Nous trouvons également une pâtisserie qui fabrique des sortes de petits calissons d’Aix pour 5 roupies (c’est de la pâte de noix de cajou et non d’amandes mais vraiment délicieux).
Le soir nous découvrons le monument du kitch du cinéma Indien, le cinéma Raj Mandir, dans des tons pastels blanc et roses dégoulinants de mièvrerie en style crème chantilly architecturale, le tout paré de milliers de petits miroirs reflétant la lumière… Une splendeur dans laquelle nous assistons à une comédie de Bollywood en hindi. Tout est joué de façon caricaturale et le ton est plus proche de la farce que de l’humour du Dîner de cons, mais les indiens sont hilares et nous nous amusons beaucoup malgré nos faibles notions d’hindi. Un Mac Do vient couronner cette soirée bien agréable (notre premier depuis les Philippines).

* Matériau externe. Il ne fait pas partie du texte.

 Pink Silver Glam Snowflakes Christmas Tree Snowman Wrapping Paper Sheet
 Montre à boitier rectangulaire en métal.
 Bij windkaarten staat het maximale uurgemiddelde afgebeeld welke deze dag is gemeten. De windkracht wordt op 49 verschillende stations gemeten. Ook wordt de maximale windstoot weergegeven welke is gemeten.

Le lendemain nous visitons sous la pluie l’observatoire astronomique de Jaïpur. Sans soleil, aucun des instruments ne fonctionne, mais notre guide très calé nous aide à nous les représenter. Cet observatoire abrite notamment un cadran solaire géant précis à la seconde près.
De retour dans les bazars, nous sommes abordés par un pharmacien qui se plaint du mauvais accueil reçu quelques instants auparavant auprès d’un autre touriste. Celui-ci l’aurait envoyé au diable et il se demande si tous les touristes détestent les indiens comme cela. Comme j’ai un peu été tenté de l’envoyer au diable, je m’en veux un peu et reste cordial tout en essayant de défendre l’autre touriste (il a pu avoir une longue journée, et c’est sans doute la centième sollicitation à laquelle il répond de la journée).

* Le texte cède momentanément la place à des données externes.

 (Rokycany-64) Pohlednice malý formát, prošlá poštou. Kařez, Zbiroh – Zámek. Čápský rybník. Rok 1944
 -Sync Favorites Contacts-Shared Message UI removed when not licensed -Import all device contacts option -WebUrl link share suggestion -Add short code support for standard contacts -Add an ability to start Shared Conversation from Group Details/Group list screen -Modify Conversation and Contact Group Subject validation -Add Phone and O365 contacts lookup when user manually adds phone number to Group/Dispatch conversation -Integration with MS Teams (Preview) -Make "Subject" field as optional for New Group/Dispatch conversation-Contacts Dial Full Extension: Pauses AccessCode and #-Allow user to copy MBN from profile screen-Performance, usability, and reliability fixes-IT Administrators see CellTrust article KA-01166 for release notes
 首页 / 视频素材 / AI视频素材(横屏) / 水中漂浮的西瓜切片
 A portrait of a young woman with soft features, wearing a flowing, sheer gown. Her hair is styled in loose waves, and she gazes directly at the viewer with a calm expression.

Nos sens restent tout de même en alerte, on se fait rarement aborder pour rien dans les centres touristiques…
Mais celui-ci a l’air sympathique, il nous parle un peu de la ville, du commerce d’éléphants de son père et nous le suivons, les sens plus que jamais en éveil pour aller boire un thé dans le boui-boui voisin. Tout en restant sur nos gardes, nous voulons lui laisser sa chance. Un de ses amis nous rejoint qui sort immédiatement son téléphone et nous entendons « Westerner » dans la conversation. On lui laisse le bénéfice du doute, peut-être que cela amuse ses amis de rencontrer des occidentaux. Arrive un autre bonhomme, très sûr de lui, voulant paraître très riche et dont le père s’occupe d’une entreprise de bijoux. Il peste immédiatement contre les nouveaux tarifs douaniers mis en place par Sarko. On lui réplique gentiment que la France est dans l’U.E et que nous avons un tarif extérieur commun et qu’il est donc mal renseigné. Dans un dernier effort, il tente de nous proposer la fameuse arnaque de Jaipur, acheter des bijoux ici pour les faire passer à son revendeur en France pour économiser les taxes… On se regarde en riant et décampons assez rapidement, finalement assez peu étonnés mais un peu déçus d’avoir essayé de faire confiance. N’ayant pas encore vraiment rencontré d’indiens en un mois, nous voulions peut-être un peu trop y croire et, malgré toutes les sirènes qui se déclenchaient dans notre tête, nous lui avons laissé sa chance. Prudents, nous avions tout de même échangé nos thés… Les indiens malhonnêtes sont connus pour droguer leurs victimes avant de les dépouiller.